Asian markets were mostly down last week. Japan’s Nikkei 225 (JP225) was down 1.91%, China’s FTSE China A50 (CHA50) fell by 0.32%, Hong Kong’s Hang Seng (HK50) lost 1.36%, and Australia’s ASX 200 (AU200) was positive 0.16%. The Nikkei 225 Index (JP225) fell nearly 4% on Monday to its lowest level in six months, as investors reacted to weakness on Wall Street and prepared for new US tariffs that will take effect this week. President Donald Trump is set to impose 25% tariffs on imported cars, a major blow to Japan’s key auto export sector, and outlined plans for retaliatory trade duties. Domestically, investors digested mixed economic data, with industrial production in February beating expectations and retail sales falling short of projections. All sectors declined, with sharp losses in the technology, consumer discretionary, and industrial sectors.

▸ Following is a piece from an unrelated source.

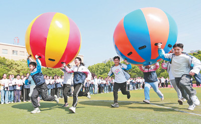 安徽省淮北市第十二中學(xué),高三學(xué)生在參加趣味比賽。

South Korea, China, and Japan held their first economic dialogue in five years on Sunday, seeking to promote regional trade as the three Asian export powers suffer from tariffs imposed by US President Donald Trump. The dialogue aims to strengthen the implementation of the RCEP, in which all three countries are participating, and create a framework for enhanced trade cooperation among the three countries.

S&P 500 (US500) 5,580.94 −112.37 (−1.97%)

Dow Jones (US30) 41,583.90 −715.80 (−1.69%)

DAX (DE40) 22,461.52 −217.22 (−0.96%)

FTSE 100 (UK100) 8,658.85 −7.27 (−0.08%)

USD Index 104.01 −0.32 (−0.31%)

News feed for: 2025.03.31

  • Japan Industrial Production (m/m) at 02:50 (GMT+3);
  • Japan Retail Sales (m/m) at 02:50 (GMT+3);
  • China Manufacturing PMI (m/m) at 04:30 (GMT+3);
  • China Non-Manufacturing PMI (m/m) at 04:30 (GMT+3);
  • German Retail Sales (m/m) at 09:00 (GMT+3);
  • German Consumer Price Index (m/m) at 15:00 (GMT+3);
  • US Chicago PMI (m/m) at 16:45 (GMT+3).

By JustMarkets

 

This article reflects a personal opinion and should not be interpreted as an investment advice, and/or offer, and/or a persistent request for carrying out financial transactions, and/or a guarantee, and/or a forecast of future events.